From the very first notes of Anomie, the opening track on what was to be a surprise new album from the blues-tinged stoner-rock outfit, we were exclaiming: “That sounds like cr…!
Then, as we listened to the album, my fifties – whose teenage years were glorified by Led Zep and other 1970s legends – found themselves remembering that, after all, this band led by Olivier Langevin and featuring ingenious keyboardist François Lafontaine (Karkwa), 4-string desperado Fred Fortin, drummer (and tinkerer) Pierre Fortin (Les Dales Hawerchuk) and the excellent Karine Pion (Belle et Bum) on vocals and percussion, had nothing to envy from the international bands of yesterday and today.

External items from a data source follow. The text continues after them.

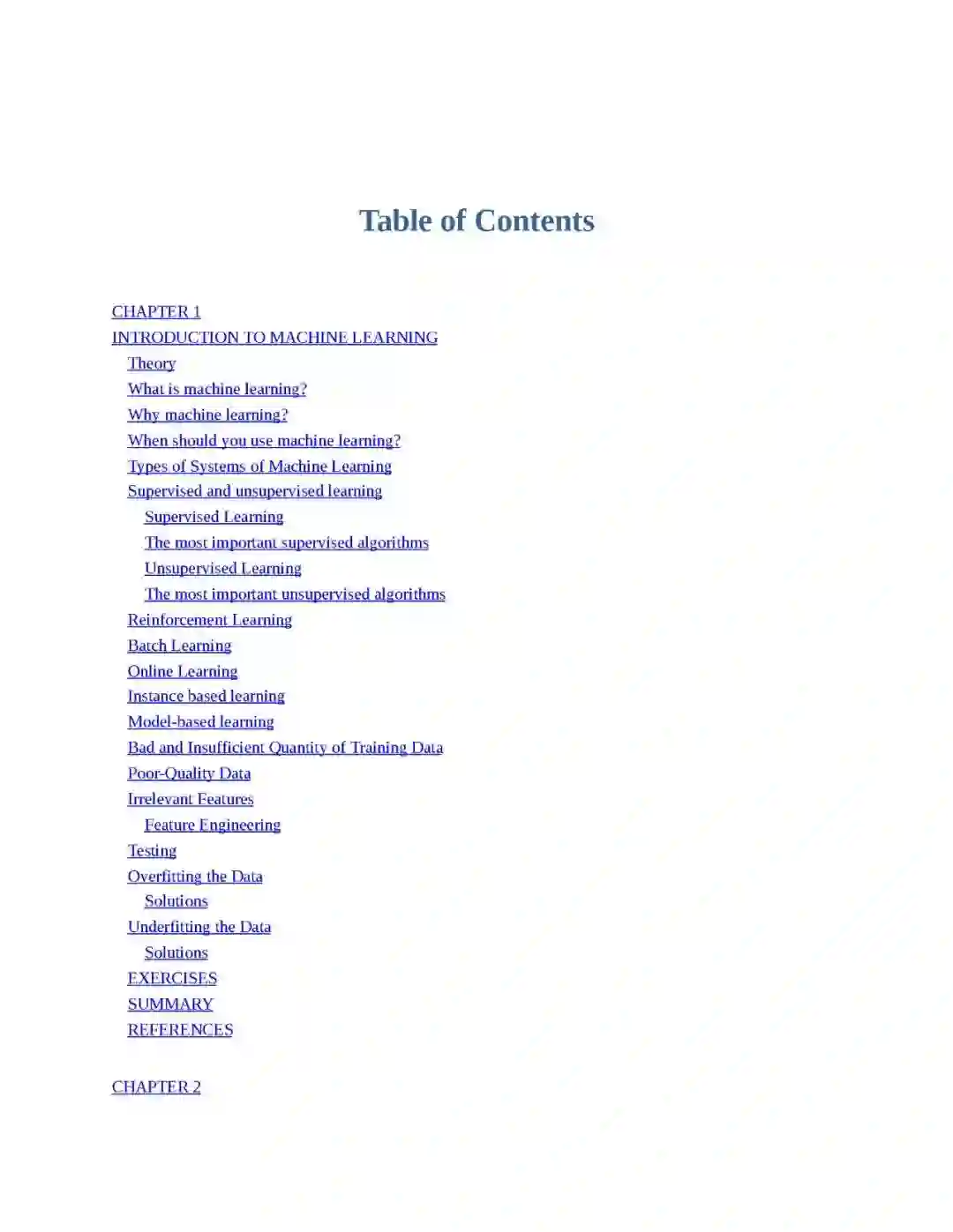 这本书是为任何想学习如何开发机器学习系统的人准备的。我们将从理论和实践两方面涵盖关于机器学习算法的最重要概念,并将使用Python编程语言中的Scikit-learn库实现许多机器学习算法。在第一章中,您将学习机器学习最重要的概念,在下一章中,您将主要学习分类。在最后一章中,你将学习如何训练你的模型。我假定你已经了解了编程的基础知识。
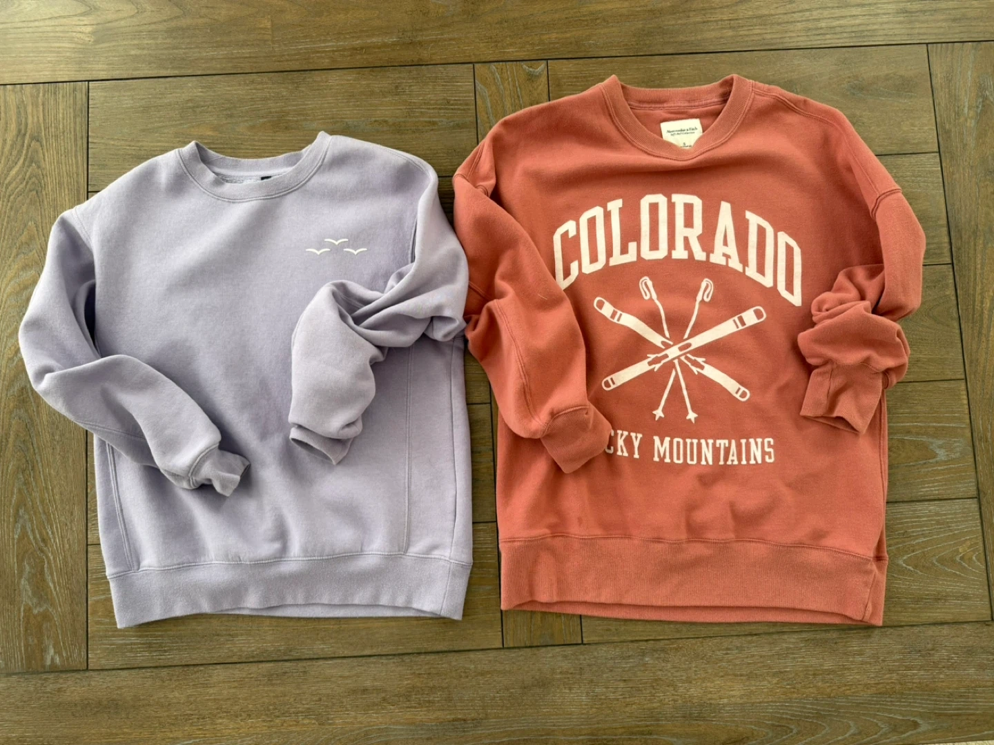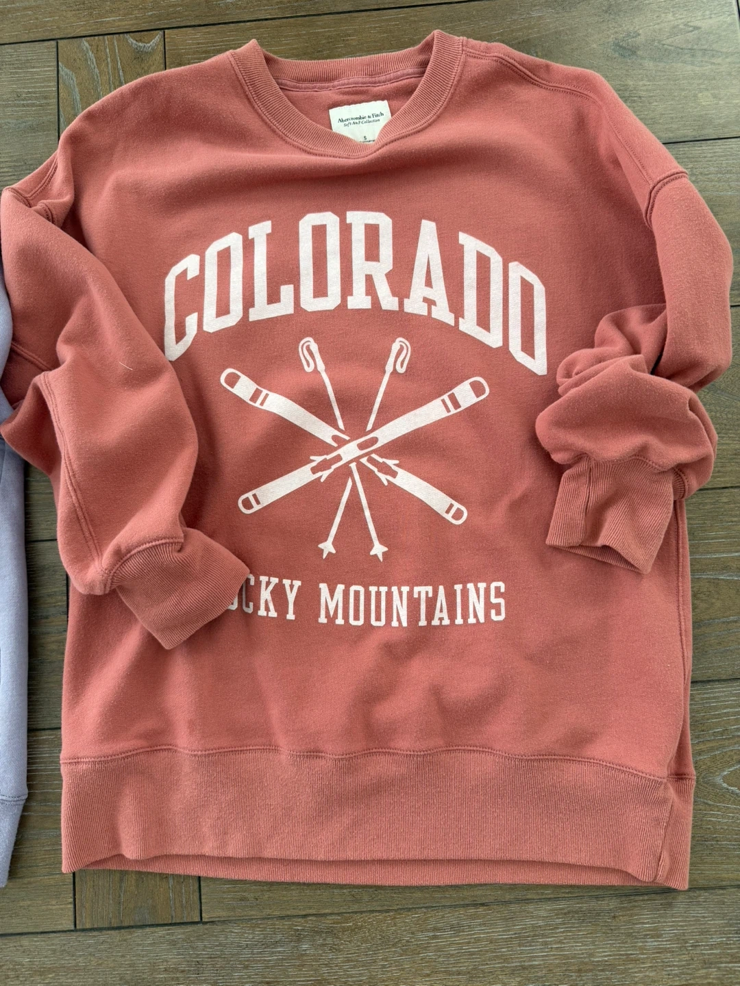 Abercrombie & Fitch: The reddish-orange colour with "COLORADO ROCKY MOUNTAINS" printed on the front. Size: Small
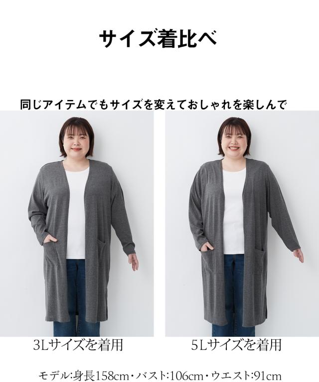 大きいサイズ 綿混うすカルスリットロング丈カーディガン(UVカット・吸汗速乾・抗菌防臭・毛玉防止)
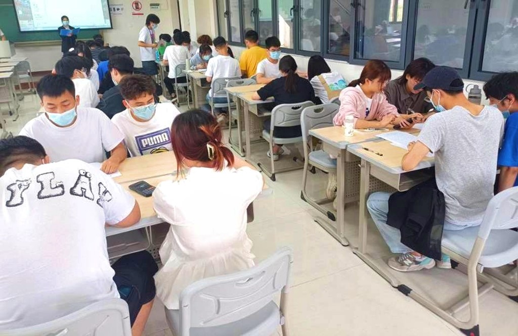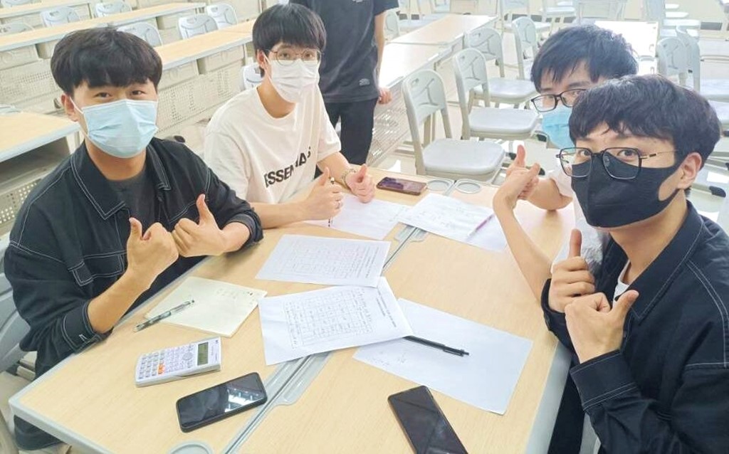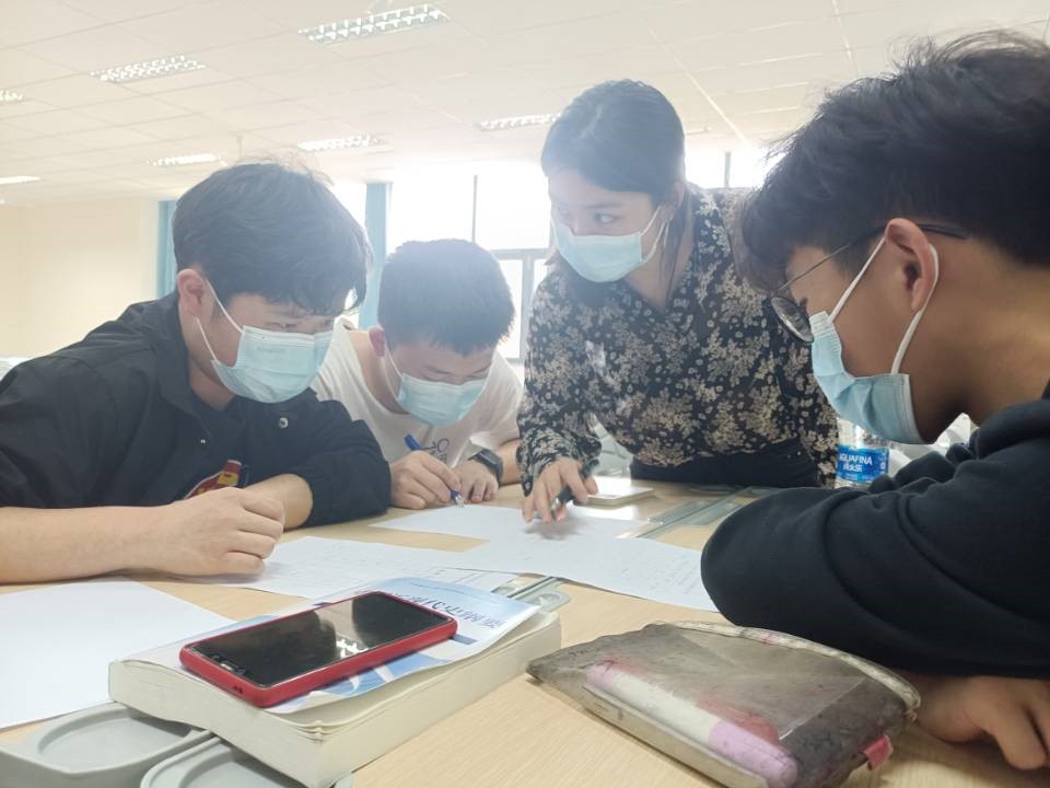 等到所有小队代表上台介绍完毕,比赛进入到理论知识测试的环节。参赛选手们接过答题卡和草稿纸回到团队运用所学理论知识开始计算,在答题的过程中,每位参赛选手都在各自的团队中找到自己的分工,大部分的队伍做法是:分出两个同学进行对题目的讨论,分析解题思路,让另一位同学对此进行计算,还有一位同学进行检查与核算,这是合理的分配策略。也有部分团队由四个人一起讨论,一起计算并相互对照最后写下结果,这样的方法也另有奇效。在每位同学抓紧时间作答,热烈讨论问题的过程中,评委老师并没有置身事外,专业老师下场与同学们一同探讨计算问题,在老师的帮助下,选手们也查找到自身的不足并予以改进,巩固了学习知识,提升专业技能水平。

Well, we’re not going to talk about the lyrics, which aren’t really the focus here, but rather about the raw, hypnotic energy that reminds us of the good old days of the smoky bars when Galaxie 500 was born in 2002, its first name until 2010, in tribute to the famous Ford car of the same name.
From punk to Hendrixian influences, and sometimes to those of the Beatles, Dylan or ZZ Top (the captivating Le Spleen de Montréal), this live-energy studio album is “an explosion of many songs, not a single bullet fired”, we might say, paraphrasing Jack White.
Fortunately for fans of big thrash rock and controlled sonic skids, drummer Pierre Fortin urged Langevin, who hadn’t touched a guitar during the pandemic, into the studio to wring his guts and see what would come out.
The result, solid and convincing, offered the band’s merry men a fine excuse to once again criss-cross the circuit of Quebec bars that play alternative music. Who said rock was dead?